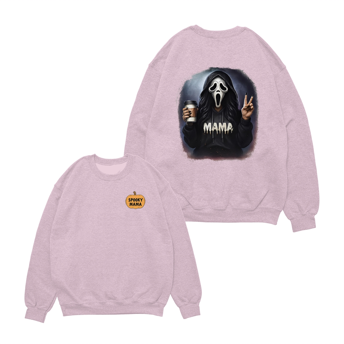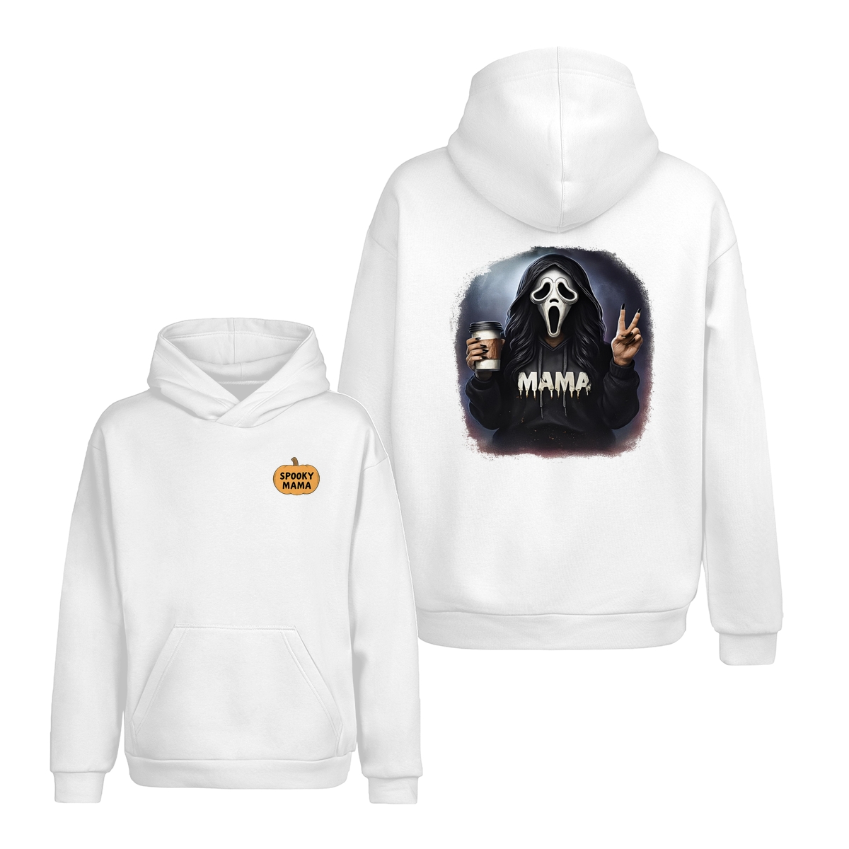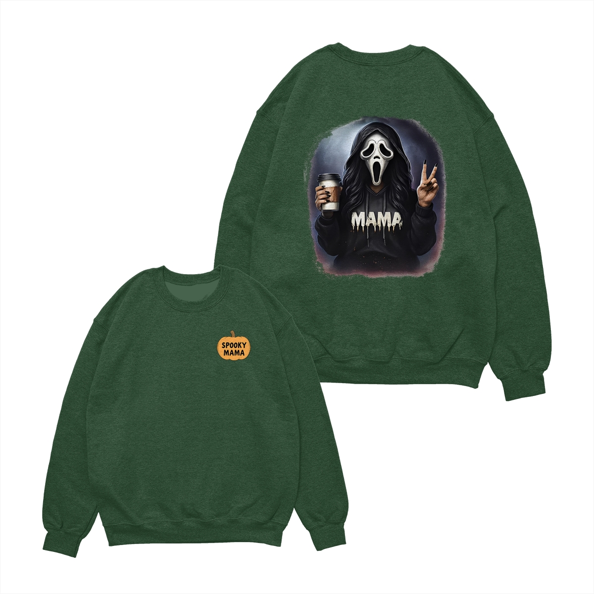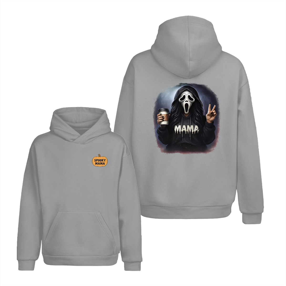 Spooky Mama Halloween T-Shirt, Scary Mask Graphic Tee with Coffee Cup, Horror Mom Shirt, Unisex Cotton Top, Fall Casual Outfit
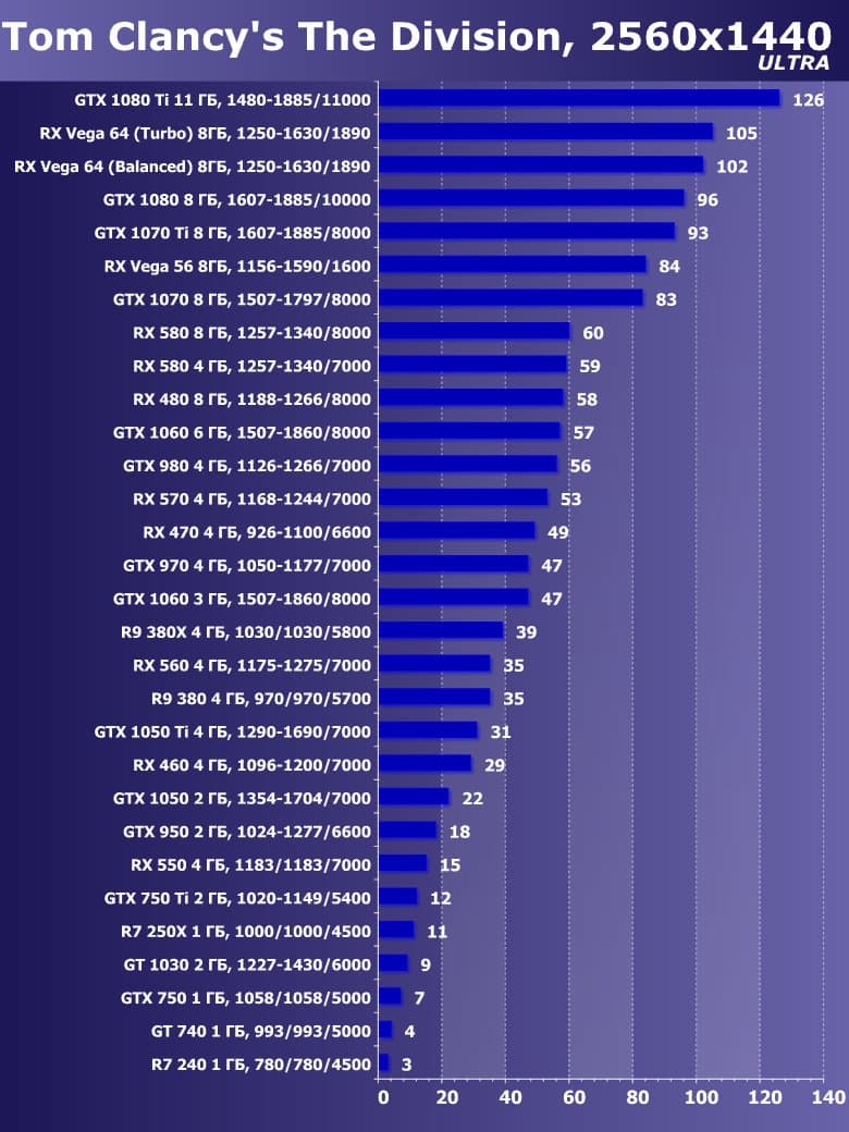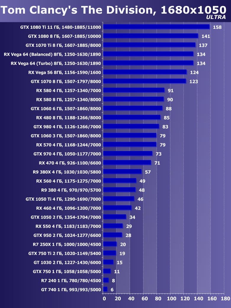 | 15 | GTX 1060 3 ГБ, 1507—1860/8000 | 1230 | 665 | 18 500 |
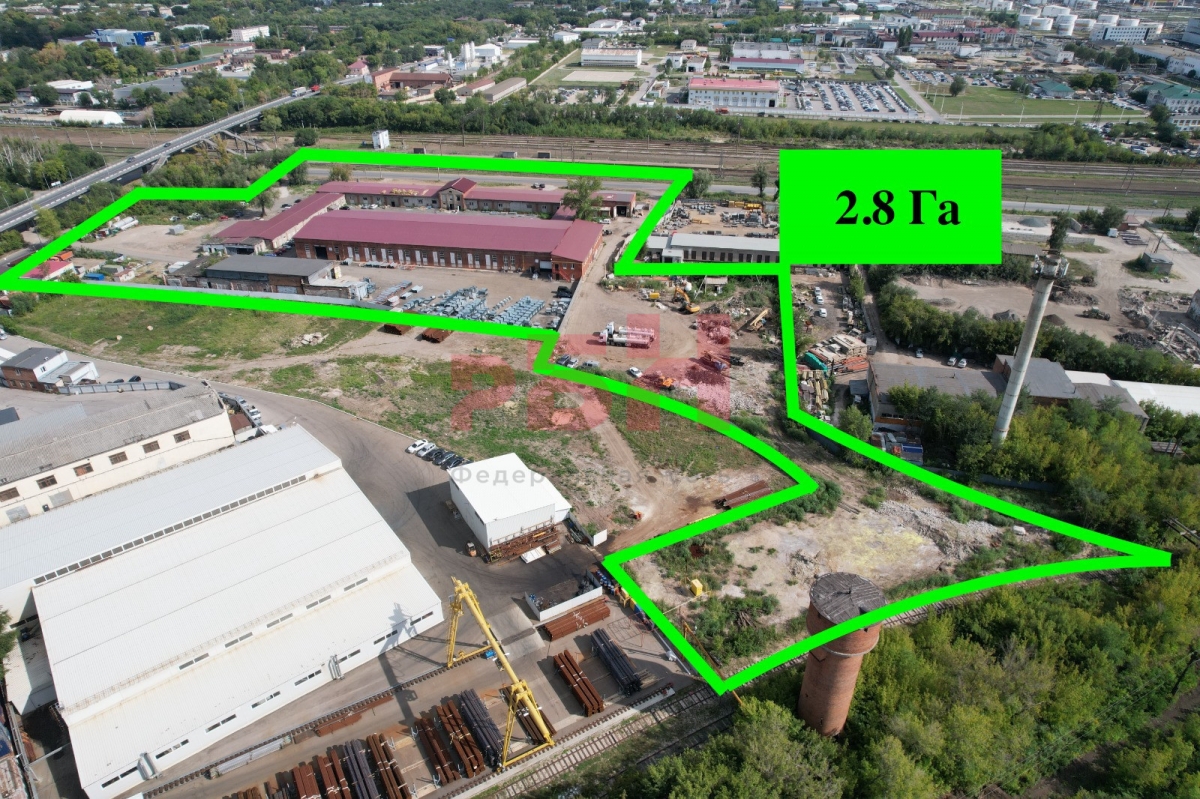 Земельный участок 2,8 Га, сложной формы с выходом к действующей ж/д ветке, твердым покрытием, огороженный. Имеются свободные площади под строительство зданий.

#####

Exercise
Reproduce exactly, and only, the lines from the opening line of the listing above through the line holding "665 | 18 500 |", minus the pictures.

Result
 Spooky Mama Halloween T-Shirt, Scary Mask Graphic Tee with Coffee Cup, Horror Mom Shirt, Unisex Cotton Top, Fall Casual Outfit
 | 15 | GTX 1060 3 ГБ, 1507—1860/8000 | 1230 | 665 | 18 500 |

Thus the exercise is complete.